We think it will be important to work with trusted and qualified vendors to help build these data access systems and take responsibility for oversight and monitoring. There are many world-class organizations that are capable of delivering a solution, as the building blocks are well understood by security technology vendors. We are confident we can deliver a trusted service working with third parties that will fully meet the needs of our community and government leaders.
This approach is not entirely new. It's actually the approach that many governments use to segment access to different data repositories. For example, all governments have tax authorities that store personal tax records. While it may be appropriate for employees of the tax agency to access such records to do their jobs, it may be inappropriate to provide broad access to employees in other agencies. For that reason, the IT department leaders will often segregate tax records so that they can only be accessed by other agencies of the government through controlled interfaces to enable data research and testing. The United States uses similar approaches in other, even more sensitive contexts. For example, the U.S. Government’s consolidated watch list provides different degrees of data access depending on the mission needs of individual agencies.

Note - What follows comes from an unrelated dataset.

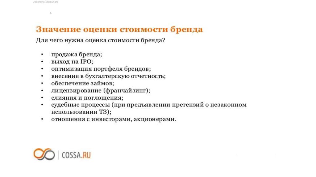 Оценка стоимости бренда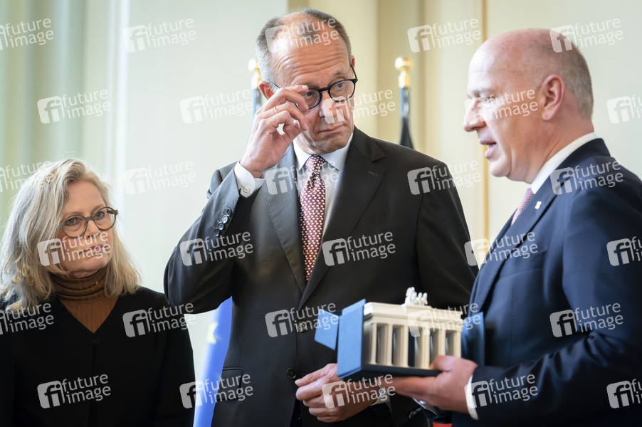 Friedrich Merz und Kai Wegner beim Antrittsbesuch des Bundeskanzlers im Roten Rathaus. Berlin, 03.12.2025

Roland's time in military and public service organizations gives him first-hand knowledge of the government's expectations and standards for security defense systems. These experiences have given both of us confidence in building similar systems and capabilities for TikTok. We will be applying many of these standards to TikTok so that our system will follow models that are consistent with regulatory entities, government oversight, and our customers.
Of course, in order to have sufficient trust in such a system, there must be a level of third-party oversight. We are currently doing that by inviting security experts to conduct audits of our systems to ensure we have a detailed level of external analysis to prove the security quality of our products. Additionally, we will work with one or more reputable companies to play the role of technology solution provider in our advanced data security and access assurance program.
We hope that in taking these steps we will not only address the reasonable interests held by lawmakers to safeguard access to their citizens' data, but set a new bar in our industry. In our discussions with lawmakers around the world, we are hearing that they are looking for a stronger approach on citizen data storage, access and control across the sector. We believe our plan delivers this. We look forward to discussing our plans in further detail with lawmakers in the months ahead.
To be clear, this approach is going to be both a cost on our business and a limitation that our competitors don't have and won’t have unless laws change or they too choose to more carefully and comprehensively protect data consistent with varied countries’ needs.
We're going to do it nevertheless because we recognize the importance to our stakeholders--including our users and their home country governments--and our responsibility as a global company to be a leader in safety and security. Eventually, we believe countries need to pass laws to create transparent standards and requirements around data access. This will have the added benefit of raising the bar for all participants and ensuring a level playing field that advances competition on the basis of quality innovation and service, rather than diluting competition because of unsubstantiated fears. But until this occurs, we will do our very best both to enable the global sharing of information and differing national standards for how data is protected. This is, in our view, a vastly better way to continue to grow communities like TikTok and avoid the blunt instruments that are national bans on technology solutions.